Yemen’s Houthi Rebels Fire Missiles at Ship Bound for Iran

Houthi policemen ride on the back of a patrol pick-up truck during the funeral of Houthi fighters killed in U.S.-led strikes, in Sanaa, Yemen, Feb. 10. (REUTERS/Khaled Abdullah)

Yemen’s Houthi rebels fired two missiles at a ship carrying corn bound for a port in Iran on Monday, causing minor damage but no injuries to its crew, authorities said.

The attack on the Marshall Islands-flagged, Greek-operated bulk carrier Star Iris shows just how widely the Houthis now target ships traveling through the Red Sea, the Gulf of Aden, and the Bab el-Mandeb Strait connecting the two waterways.

The Star Iris had been heading from Brazil to Bandar Khomeini in Iran, the main backer and armer of the Houthis in Yemen’s years-long war.

“The group owner and operator regularly trade bulk cargo with Iran, so this was assessed to be the likely destination,” said Ambrey, a private security firm. Ambrey added that the Star Iris sustained damage to its starboard side in the attack.

The Houthis sought to describe the Star Iris as an “American” vessel, and said they targeted the ship with multiple missiles. The Star Iris’s ultimate owner, Star Bulk Carriers Corp. of Athens, Greece, is traded on the Nasdaq Stock Market in New York.

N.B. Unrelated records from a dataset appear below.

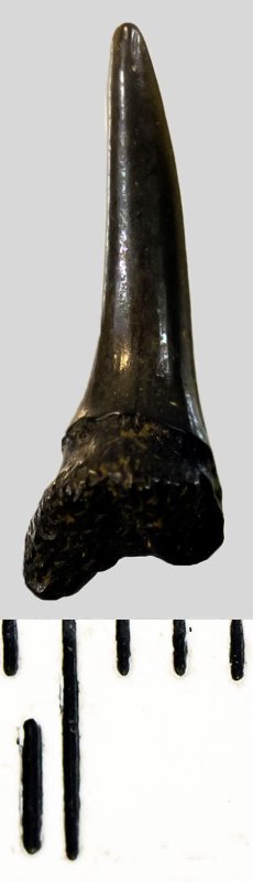 Зуб. Акула. Scapanorhynchus sp. Классификация: Хордовые Chordata, Позвоночные Vertebrata, Хрящевые рыбы Chondrichthyes, Пластиножаберные Elasmobranchii, Акулы Selachii, Ламнообразные Lamniformes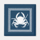 Design à thème aquatique avec décoration de crabe en carrés rayés sur arrière - plan bleu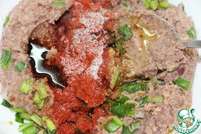 К полученному фаршу добавить рубленный зеленый лук, соевый соус, ложку растительного масла, сухую паприку и тщательно вымесить. Как на котлеты.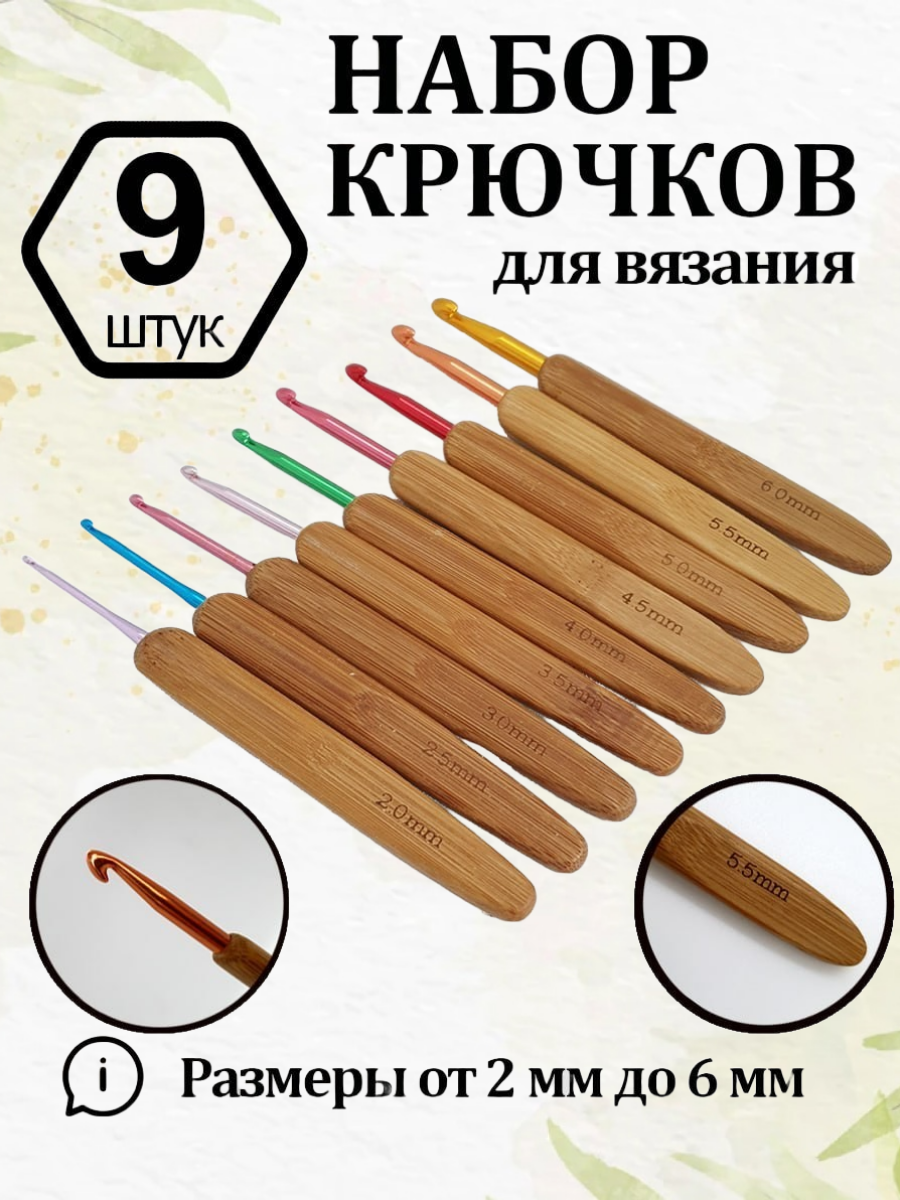 Купить Набор крючков Decorland, 2 - 6 мм, для вязания, с бамбуковой ручкой, 9 шт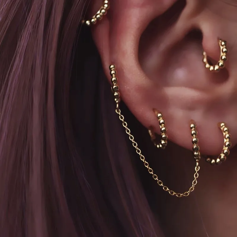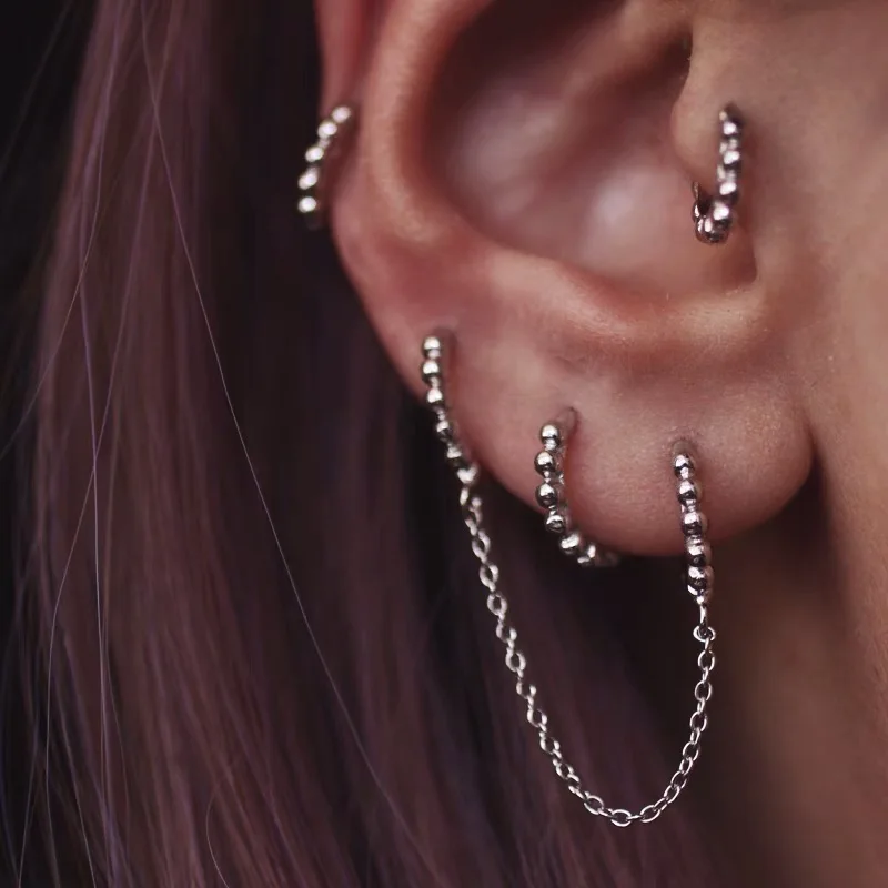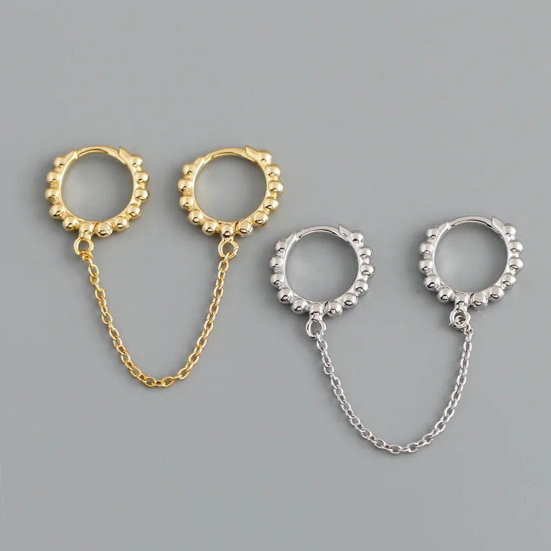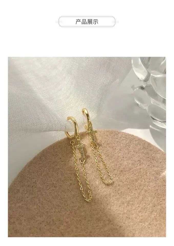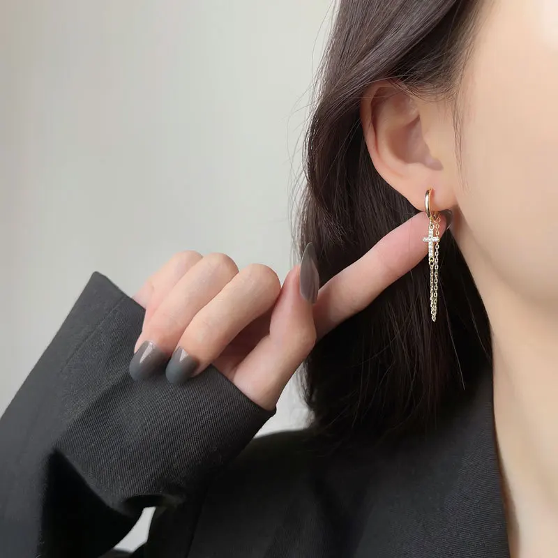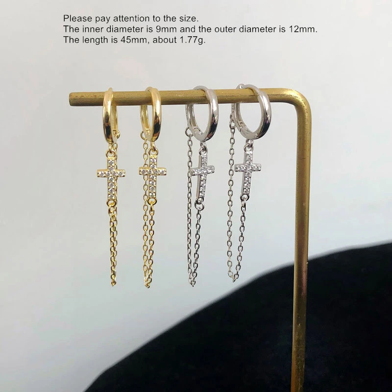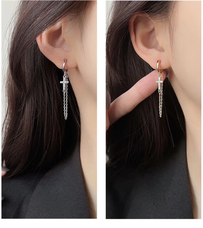 925 пробы серебряные серьги 234 пирсинг в Сиамском стиле уши цепи серьги крест длинные серьги-кисточки личность Для женщин Девушка уха Jewelr

It did not respond to a request for comment.

Days earlier, another ship owned by Star Bulk, the Star Nasia, came under attack from the Houthis.

The Houthis’ military “will not hesitate to carry out more operations in retaliation to the Zionist crimes against our brothers in the Gaza Strip, as well as in response to the ongoing American-British aggression against our dear country,” Houthi military spokesman Brig. Gen. Yahya Saree said in a statement after the attack.

Iran did not acknowledge the Star Iris’s destination, though the U.S. military’s Central Command did in a statement early Tuesday. Central Command identified its cargo as Brazilian corn bound for Iran. Corn is a major Brazilian export to Iran, likely used in animal feed.